UK Sanctions Five, “Flexing” Post-Brexit Autonomy
Public funds reportedly spent on items such as luxury yachts, private jets, and a diamond-encrusted glove worn by Michael Jackson prompted the UK Foreign Office to impose new sanctions.
Last Thursday, British Foreign Secretary Dominic Raab announced new sanctions aimed at five high-ranking officials and businessmen in Equatorial Guinea, Zimbabwe, Venezuela, and Iraq.
The news comes amid a broader push by Britain to become a major player on the global sanctions front. In April, the country announced the first asset freezes and travel bans under its new Global Anti-Corruption regime, targeting 22 individuals from places such as Russia, South Africa, and Latin America.
Dr.

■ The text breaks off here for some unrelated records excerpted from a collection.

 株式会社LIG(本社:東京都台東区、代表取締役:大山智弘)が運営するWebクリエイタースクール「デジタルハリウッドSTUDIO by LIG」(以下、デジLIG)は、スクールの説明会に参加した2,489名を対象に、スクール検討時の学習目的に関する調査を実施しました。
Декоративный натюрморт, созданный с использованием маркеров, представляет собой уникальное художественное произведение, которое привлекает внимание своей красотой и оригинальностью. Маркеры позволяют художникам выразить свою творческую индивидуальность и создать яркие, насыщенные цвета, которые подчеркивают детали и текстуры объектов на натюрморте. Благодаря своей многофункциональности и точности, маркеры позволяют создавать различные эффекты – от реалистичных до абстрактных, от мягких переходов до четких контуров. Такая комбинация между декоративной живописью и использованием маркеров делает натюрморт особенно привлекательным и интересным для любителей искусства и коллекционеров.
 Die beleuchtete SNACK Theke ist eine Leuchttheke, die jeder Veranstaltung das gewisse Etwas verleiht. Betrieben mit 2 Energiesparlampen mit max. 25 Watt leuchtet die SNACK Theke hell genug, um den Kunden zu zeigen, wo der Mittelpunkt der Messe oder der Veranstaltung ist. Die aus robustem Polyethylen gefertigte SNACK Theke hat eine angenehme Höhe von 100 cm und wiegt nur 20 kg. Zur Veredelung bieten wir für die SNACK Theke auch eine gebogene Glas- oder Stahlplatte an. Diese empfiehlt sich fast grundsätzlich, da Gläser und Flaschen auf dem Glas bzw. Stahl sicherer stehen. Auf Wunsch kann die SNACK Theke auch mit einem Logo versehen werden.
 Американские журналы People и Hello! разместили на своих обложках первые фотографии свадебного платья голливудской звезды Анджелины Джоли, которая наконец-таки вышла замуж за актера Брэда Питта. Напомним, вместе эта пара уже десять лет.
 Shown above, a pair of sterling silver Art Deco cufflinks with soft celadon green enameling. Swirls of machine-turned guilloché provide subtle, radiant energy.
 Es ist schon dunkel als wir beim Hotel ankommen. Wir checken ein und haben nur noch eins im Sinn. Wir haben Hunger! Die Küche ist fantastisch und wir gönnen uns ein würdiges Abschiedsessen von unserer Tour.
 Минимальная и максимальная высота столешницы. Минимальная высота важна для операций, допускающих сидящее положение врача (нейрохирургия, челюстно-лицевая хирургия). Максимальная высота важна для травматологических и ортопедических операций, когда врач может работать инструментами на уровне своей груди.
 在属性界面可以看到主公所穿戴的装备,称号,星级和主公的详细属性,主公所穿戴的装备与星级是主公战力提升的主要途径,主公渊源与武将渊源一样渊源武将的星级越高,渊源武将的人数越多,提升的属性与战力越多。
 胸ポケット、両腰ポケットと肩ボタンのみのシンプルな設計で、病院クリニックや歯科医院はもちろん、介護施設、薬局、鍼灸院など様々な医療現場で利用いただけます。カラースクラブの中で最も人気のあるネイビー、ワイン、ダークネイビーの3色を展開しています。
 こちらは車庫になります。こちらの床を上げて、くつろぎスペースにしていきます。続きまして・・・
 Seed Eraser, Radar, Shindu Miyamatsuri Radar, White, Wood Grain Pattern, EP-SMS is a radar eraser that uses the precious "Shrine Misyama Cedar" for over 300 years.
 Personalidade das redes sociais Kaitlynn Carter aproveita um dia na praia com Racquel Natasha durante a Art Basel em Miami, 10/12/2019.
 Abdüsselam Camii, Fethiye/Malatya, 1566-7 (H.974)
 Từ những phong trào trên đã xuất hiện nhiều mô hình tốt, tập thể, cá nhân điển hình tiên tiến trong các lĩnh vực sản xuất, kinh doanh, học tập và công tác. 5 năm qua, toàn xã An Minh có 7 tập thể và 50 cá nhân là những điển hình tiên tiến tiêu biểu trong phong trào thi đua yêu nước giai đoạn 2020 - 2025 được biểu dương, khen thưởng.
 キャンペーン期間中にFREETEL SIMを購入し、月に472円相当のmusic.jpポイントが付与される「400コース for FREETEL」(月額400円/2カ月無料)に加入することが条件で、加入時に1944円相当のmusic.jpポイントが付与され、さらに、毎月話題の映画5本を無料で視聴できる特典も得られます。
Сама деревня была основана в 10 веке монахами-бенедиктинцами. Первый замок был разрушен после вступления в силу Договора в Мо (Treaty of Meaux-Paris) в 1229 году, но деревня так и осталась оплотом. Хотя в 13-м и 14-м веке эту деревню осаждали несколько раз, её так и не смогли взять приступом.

Anna Bradshaw, a partner at economic sanctions consultant Peters & Peters, described the latest actions as “the most recent example of how the UK is flexing its muscles on the world sanctions stage.”
Britain is making use of its newly obtained ability to impose restrictions on foreign entities. Before leaving the European Union, the UK was bound by the bloc’s rules which require unanimous approval of all 27 members before introducing any sanctions. And even if all EU states favor such a measure, it rarely leads to concrete action as the union lacks enforcement authority.
According to the official release by the Foreign, Commonwealth & Development Office, the latest restrictions target individuals involved in “serious corruption,” which has “deprived developing countries of vital resources.” The five sanctioned are Teodoro Obiang Mangue, Kudakwashe Regimond Tagwirei, Alex Nain Saab Morán, Alvaro Enrique Pulido Vargas, and Nawfal Hammadi Al-Sultan.
Teodoro Obiang Mangue, Equatorial Guinea’s vice president and son of current president, has allegedly spent $500 million of misappropriated funds since first taking public office in 1998. His reported purchases include a $100 million mansion in Paris, a private jet, luxury yachts and cars, and a $275,000 diamond-encrusted glove worn by Michael Jackson during his ‘Bad’ tour. Despite Equatorial Guinea’s large oil reserves, more than three quarters of its population lives in poverty. In response to the sanctions the country closed its UK embassy.
Kudakwashe Regimond Tagwirei is a Zimbabwean businessman whose company Sakunda Holdings allegedly redeemed Government Treasury Bills at ten times their official value, accelerating the devaluation of Zimbabwean currency. This reportedly increased the price of essentials for the country’s citizens and led to macroeconomic instability.
Venezuelan President Nicolas Maduro’s envoy Alex Nain Saab Morán and his associate Alvaro Enrique Pulido Vargas were also sanctioned for their alleged embezzlement of public funds by improperly granting contracts as part of Venezuela’s public programs. The scheme is said to have caused a serious price inflation of basic foodstuffs for the country’s already poverty-stricken population. Saab is currently detained in Cape Verde and may face extradition to the United States for his reported role in helping Maduro evade US sanctions.
Nawfal Hammadi Al-Sultan, former governor of Nineveh province, Iraq, was sanctioned for allegedly misappropriating public funds intended for reconstruction after the Da’esh occupation and consequent fight to liberate the province. Al-Sultan is currently in prison, serving a five-year sentence for participation in corruption schemes involving fictitious public works.
Some experts describe Britain’s recent moves as an attempt to align with non-EU partners like the US and Canada, which have been employing sanctions as part of their foreign policy. In fact, soon after the announcement of the latest UK restrictions, US Treasury Secretary Janet Yellen and Secretary of State Antony Blinken issued a joint statement commending the decision.
But critics warn against the spread of this type of measure, arguing there’s little evidence of its effectiveness in deterring corruption and achieving policy goals.
In any case, the short-term expansion in the use of sanctions as a geopolitical tool seems inevitable, highlighting the need for proper due diligence of potential business partners.